Our services connect to the database via libpq. It is ensured that
connections are not used by two threads at the same time, with several
physical connections to the database. Here's what happened:

A very large transaction, which makes inserts into different tables, could
not be executed due to a unique key constraint. Due to a not yet known
problem, this transaction was not rolled back properly and the connection
was in an invalid state. The Portgresql server log logged the following
messages every second over a period of hours:

2024-05-05 22:15:27.461 CEST [2287043] ERROR:  current transaction is
aborted, commands ignored until end of transaction block
2024-05-05 22:15:27.461 CEST [2287043] STATEMENT:  SAVEPOINT SP_264211

This is probably because a thread has continued to use the broken connection
to execute transactions. I assume that this thread also received
corresponding messages, which I cannot verify due to the lack of logs.

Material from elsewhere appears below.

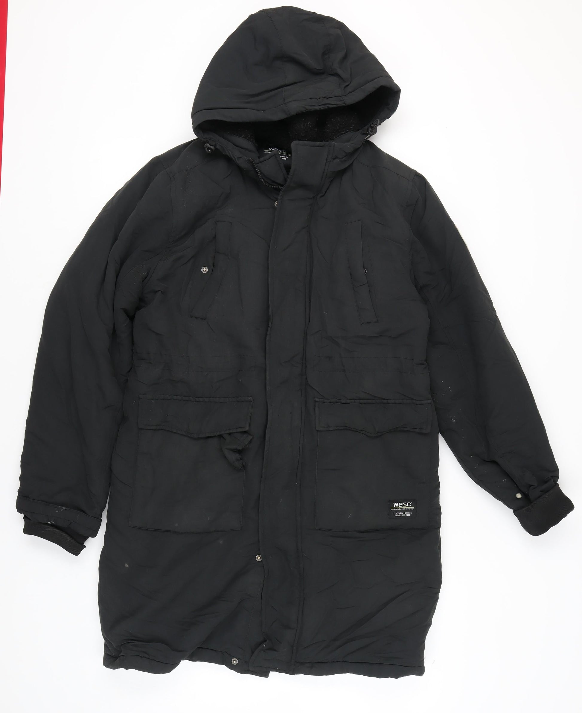 WESC Mens Black Parka Coat Hooded Winter Casual Jacket S
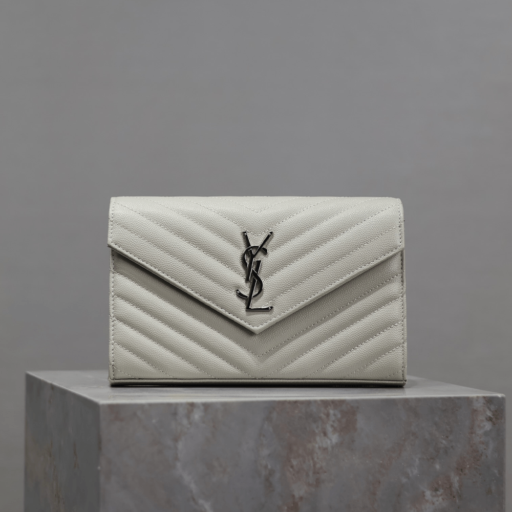 생로랑 여성 마틀라세 모노그램 체인 지갑 화이트 377828

Other processes were still able to communicate successfully with the
database. Inserts were executed and generated rowids, which are generated
via sequences, were also returned. In retrospect, I can no longer find these
rows in the database. This means that inserts were apparently executed, but
no data exists in the final result.

The inserts correspond to the same tables as the failed transaction
mentioned above. As a result, we had a data loss of 1 day's work, which
unfortunately was only noticed afterwards.

Assumption:
I am sure that many unfavorable factors have led to a fatal error here. I
think that bugs from different systems have overlapped. We have not managed
to reproduce the invalid state described. I think that the transactions
described were successfully executed in the database. As we only need to
store data first and do not select it at that point, the error only became
apparent so late. At the moment I assume that the command “STATEMENT:
SAVEPOINT SP_264211” caused my data to be rolled back again without me
noticing in the service. I am sure that there is a link to the failed
transaction, that perhaps some tables were still locked and the rollback
droped those inserted rows.  

My knowledge of postgres has reached its limit here. I would like to
evaluate whether inserts from other connections, which have been
successfully executed, can be rolled back by another connection via the
statements 
2024-05-05 22:15:27.461 CEST [2287043] ERROR: current transaction is
aborted, commands ignored until end of transaction block
2024-05-05 22:15:27.461 CEST [2287043] STATEMENT: SAVEPOINT SP_264211

For the sake of simplicity, here is another example: There are two
connections A and B

Via A: insert into test (id, val) values (2, 'this will be a unique key
constraint error'); --> The Rollback statement will not be executed due to
an unknown error
Via B: insert into test (id, val) values (4, 'no error'); --> Successful
Transaction
Via A: insert into test (id, val) values (5, 'no error, but the is currently
a running transaction') --> Failed. Maybe a rollback is executed, I dont
know
Via B; select * from test where id = 4; --> Empty query 

We are still trying to find out how this could have happened. If the example
described actually leads to successful transactions being canceled again, I
would describe this as a bug in Postgres. Our codes have been running for 4
years and we have never seen an error like this.

Best regards.

Julius Ernesti


Re: BUG #18457: Possible data loss needs to be evaluated

От
Laurenz Albe
Дата:
On Tue, 2024-05-07 at 08:35 +0000, PG Bug reporting form wrote:
> ERROR:  current transaction is aborted, commands ignored until end of transaction block
>
> We are still trying to find out how this could have happened.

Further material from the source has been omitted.